Simulações feitas no Brasil por pesquisadores do Grupo de Trabalho COVID-19 (UFMG) mostram que os cenários de isolamento vertical são quase tão ruins quanto os cenários em que não há nenhum isolamento, e muito piores do que os cenários de isolamento horizontal. Todos esses estudos consideram realidades muito semelhantes à do Brasil, com transmissão comunitária do vírus (aquela em que não é possível localizar a origem da infecção) e com grande parte dos indivíduos infectados e seus contatos não identificados ou isolados. O Reino Unido, que inicialmente adotou estratégia de isolamento vertical, diante da hipótese de colapso precoce do sistema de saúde e do crescimento acelerado do número de óbitos, optou por suspender diversas atividades não-essenciais, com bloqueios ainda mais rígidos a partir do dia 23 de março (evitando assim um cenário ainda mais trágico do que o que tem sido observado). A Coréia do Sul é muitas vezes citada como exemplo de sucesso na aplicação do isolamento vertical. Realmente, esse foi um dos únicos países que teve êxito no combate à COVID-19 sem adotar medidas rigorosas de restrição de mobilidade da população. Contudo, o sucesso da Coréia do Sul se deve sobretudo à implementação precoce de testes em massa para identificar e isolar os indivíduos infectados, além de seus contatos. Esta é uma realidade muito diferente da maioria dos países afetados pela doença.
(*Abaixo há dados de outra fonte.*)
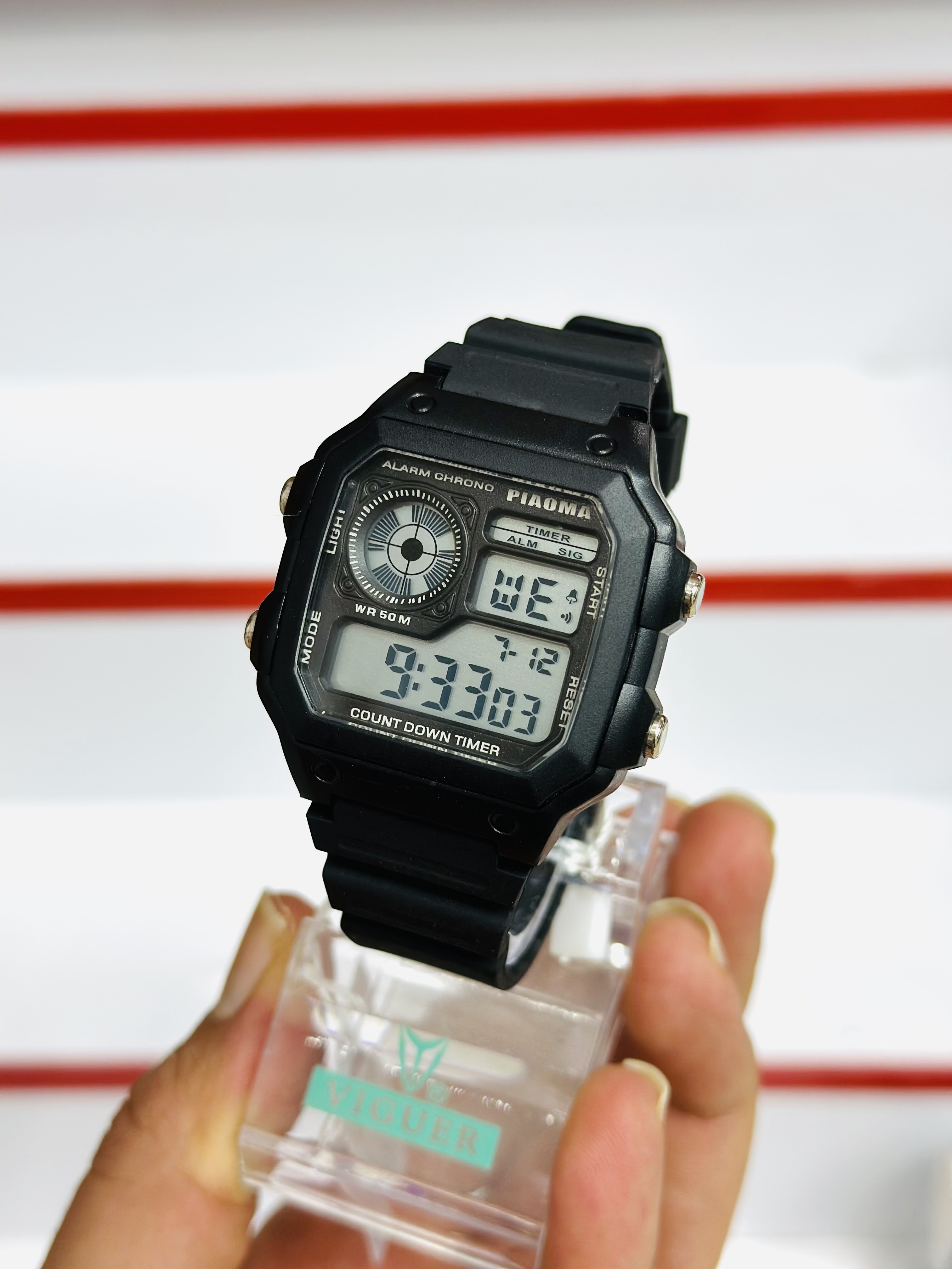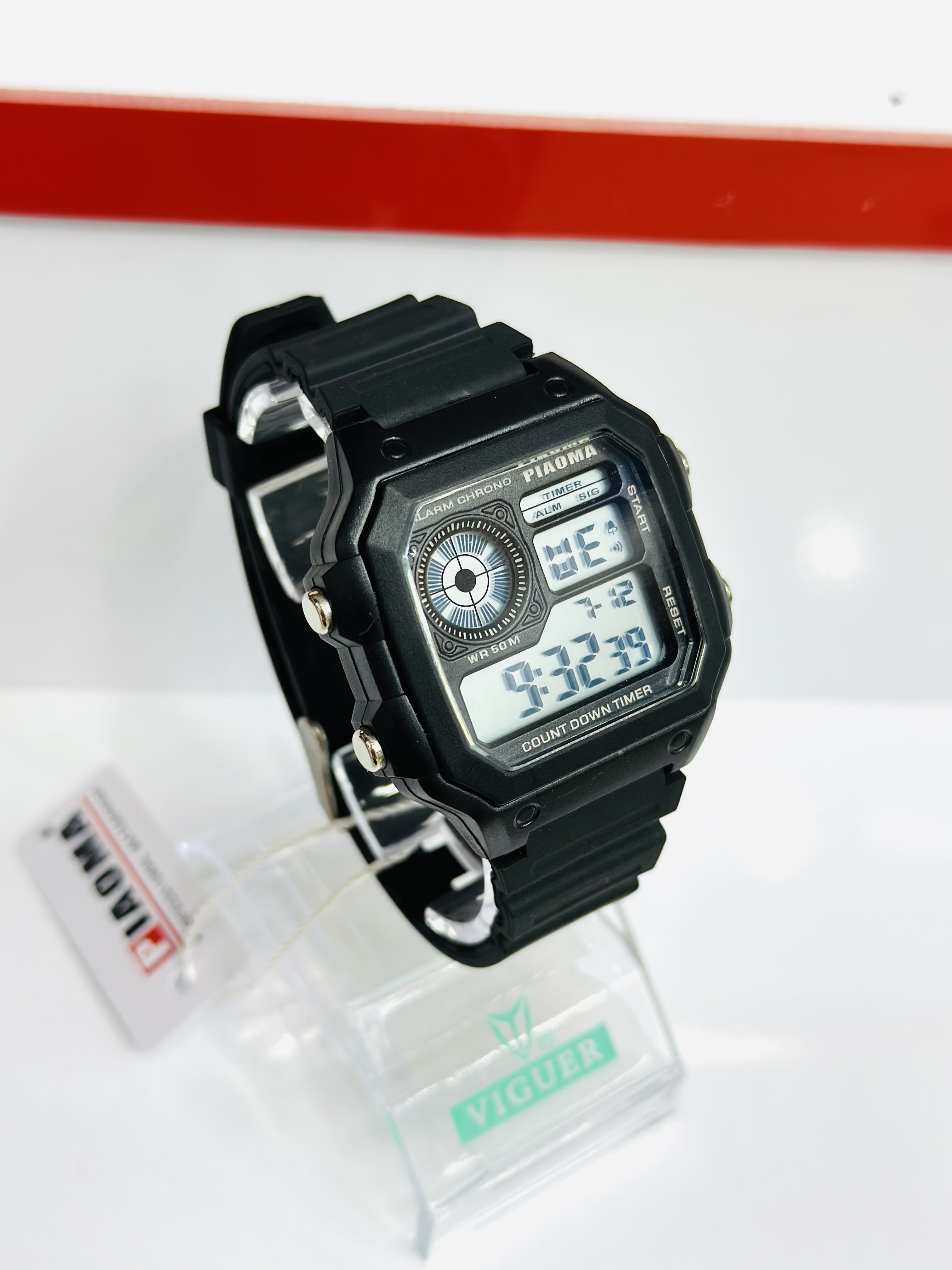 ساعت کامپیوتری دیجیتالی پیاما PIAOMA صد در صد ضدآب(غواصی) بند سیلیکونی چراغ دار نمایش ساعت و تاریخ و کرنومتر موتور اصلی

Ressalto que o sucesso do isolamento social depende sobretudo da magnitude das políticas de não aglomeração de pessoas, da extensão da paralisação de atividades não-essenciais e do engajamento da sociedade. O paradoxo do isolamento social é pautado pela ideia de que, se ele for eficaz, as pessoas podem achar que ele não é necessário. Além disso, se ele for proposto e a diminuição da taxa de transmissão do patógeno não for percebida pela população, pode-se ter a impressão de que ele não funcionou. Não à toa, começam a surgir afirmações de que as medidas de isolamento social não têm surtido efeito no combate à COVID-19 no Brasil. Distante dessa postura negacionista, ao que tudo indica, a diminuição da adesão ao isolamento social em todo o Brasil, que ocorre desde o início de abril, tem contribuído substancialmente para o insucesso do controle da epidemia no território brasileiro. O efeito da desmobilização social parece bater à nossa porta. Em breve, é possível que medidas mais duras de restrição da mobilidade social sejam necessárias para conter o avanço da doença em diversas localidades do Brasil.

*Pablo R S Oliveira é professor adjunto do Instituto de Biologia (IBIO) da Universidade Federal da Bahia (UFBA) e pesquisador colaborador do Centro de Integração de Dados e Conhecimentos para Saúde (CIDACS-Fiocruz). Ele é colaborador voluntário da Rede CoVida.